Осеклась на последнем слове, наверняка вспомнив, как они на пару давились магазинными пельменями после смерти мамы. Артур покосился на нее с тревогой: бледное личико вытянулось, взгляд впился в невидимую точку…
– Ладно, – вздохнул он. – Пончики, пельмени – все, что желает Ваша светлость!
Ее ресницы дрогнули, уголки губ едва заметно приподнялись. Сашка посмотрела на него теплым взглядом и быстро кивнула:
– Спасибо!
Пахло внутри отвратительно, но Сашка с удовольствием задергала носом:
– Неужели у тебя слюнки не текут? Ну скажи! Не текут?
– А я похож на жертву экспериментов академика Павлова? – Артур скривился.
Сашка легонько оттолкнула его:
– Да ну тебя!
Подскочила к кассе и уставилась на меню на экране. Вид у нее был такой, будто сейчас она начнет облизываться:
– Я возьму и пельмени, и пончики. И еще два стакана чая.
– У тебя обезвоживание?
– Просто хочется! А ты что выбрал?
– Пончики, конечно!
– Серьезно?
Он взял чебуреки – пельмени сейчас в горло не полезли бы. Хотелось думать, что Сашка не сочтет это упреком: мол, у нее уже отболело, забылось… Да Артур только рад был бы этому! Для того и втянул Сашку в расследование убийства Оксаны, лишь бы только она не задохнулась от тоски по матери.
И они оба выжили.
Даже расхохотались в голос, когда с обратной стороны окна, у которого они устроились, остановилась толстая тетка в розовых шортах, которые делали ее похожей на мисс Пигги. Сашка точно не помнила, кто это… Зал кафе по уровню находился ниже тротуара, и пухлый розовый зад оказался прямо на уровне их лиц. В маленьких наушниках, видимо, звучала заводная мелодия, потому что рыжеволосая тетка начала притоптывать ногами, словно покрытыми белым, дрожащим от каждого движения желе.
– Стекла зеркальные, она нас не видит, – от смеха вытирая глаза, пояснил Артур.
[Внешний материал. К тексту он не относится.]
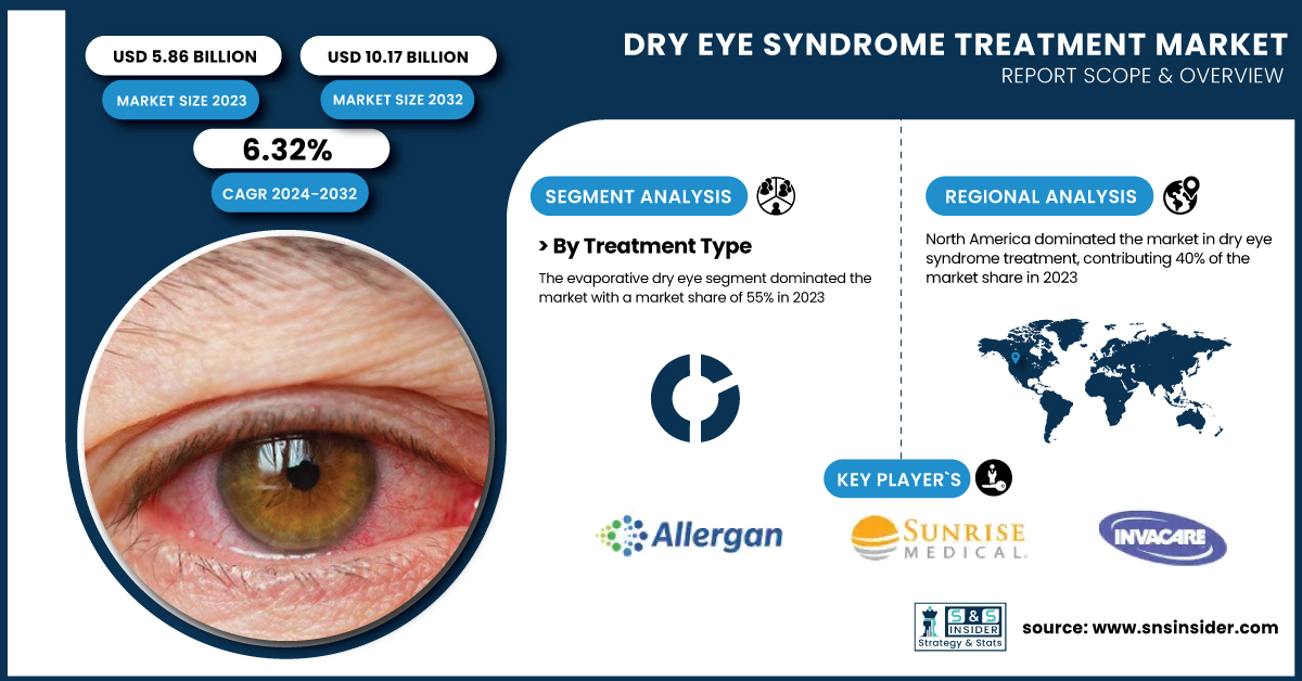 AUSTIN, TX, UNITED STATES, February 20, 2025 /EINPresswire.com/ -- According to Research by SNS Insider,The Dry Eye Syndrome Treatment Market was estimated at USD 5.86 billion in 2023 and is expected to reach USD 10.17 billion by 2032, at a CAGR of 6.32% during the forecast period of 2024-2032.The Dry Eye Syndrome Treatment Market is expanding with the increasing prevalence of dry eye disease, fueled by reasons like increased screen time, aging, and co-morbidities. This has created a higher demand for novel treatments like lipid-based eye drops and new drug-device therapies. Progress in AI diagnostics, portable treatment devices, and FDA approvals are driving research faster, while collaborations in the industry are broadening the pipeline for better solutions.

– Может, выйти и сказать ей? – Сашка уже начала приподниматься.
Он остановил:
– Не надо. Она так счастлива в своем неведении! А если узнает, что стала посмешищем, это будет мучить ее весь отпуск.
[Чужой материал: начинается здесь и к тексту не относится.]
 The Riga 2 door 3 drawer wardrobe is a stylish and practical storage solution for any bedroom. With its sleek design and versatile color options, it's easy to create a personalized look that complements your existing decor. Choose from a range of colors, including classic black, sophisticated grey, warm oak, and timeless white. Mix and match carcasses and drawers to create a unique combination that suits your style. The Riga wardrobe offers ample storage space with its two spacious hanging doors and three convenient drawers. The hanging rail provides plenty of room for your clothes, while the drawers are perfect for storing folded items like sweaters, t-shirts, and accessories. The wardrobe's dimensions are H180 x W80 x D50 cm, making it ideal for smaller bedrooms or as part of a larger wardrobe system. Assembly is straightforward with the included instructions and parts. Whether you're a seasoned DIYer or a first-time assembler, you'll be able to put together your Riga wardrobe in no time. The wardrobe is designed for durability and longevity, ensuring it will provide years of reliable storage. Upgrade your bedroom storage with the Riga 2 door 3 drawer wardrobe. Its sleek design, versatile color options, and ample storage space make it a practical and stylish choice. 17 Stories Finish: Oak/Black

Усевшись на место, Сашка с удовольствием куснула пончик и неразборчиво промычала:
– А ты добрый…
«Не всегда, – подумал Артур, медленно сворачивая салфетку. – Те, кого я посадил, с тобой точно не согласились бы…»
Сашка дремала рядом, отвернувшись к окну, и его мысли тотчас унеслись в Крым. Что могло случиться с Пашкой? Все его шалости всегда были безобидными, пацанскими, ни в какой криминал он никогда не лез. Конечно, уйма лет прошла с тех пор, когда они виделись в последний раз. Судя по тому, что успел накопать Артур, друг его детства не особенно изменился…
Продолжая забавляться, Пашка открыл в Евпатории Парк монстров и населил его любимыми персонажами – от Кощея до Шрека и Майка Вазовски. Оказалось, у него золотые руки, которыми он и создавал уродиков, как сам любовно называл жителей парка на своих страницах в соцсетях. Его детище пользовалось успехом, ведь в парке можно было пройти кучу квестов, а в подарок получить клятву от Фионы, что твое заветное желание, написанное на листочке и брошенное в ее приоткрытую сумочку, непременно сбудется.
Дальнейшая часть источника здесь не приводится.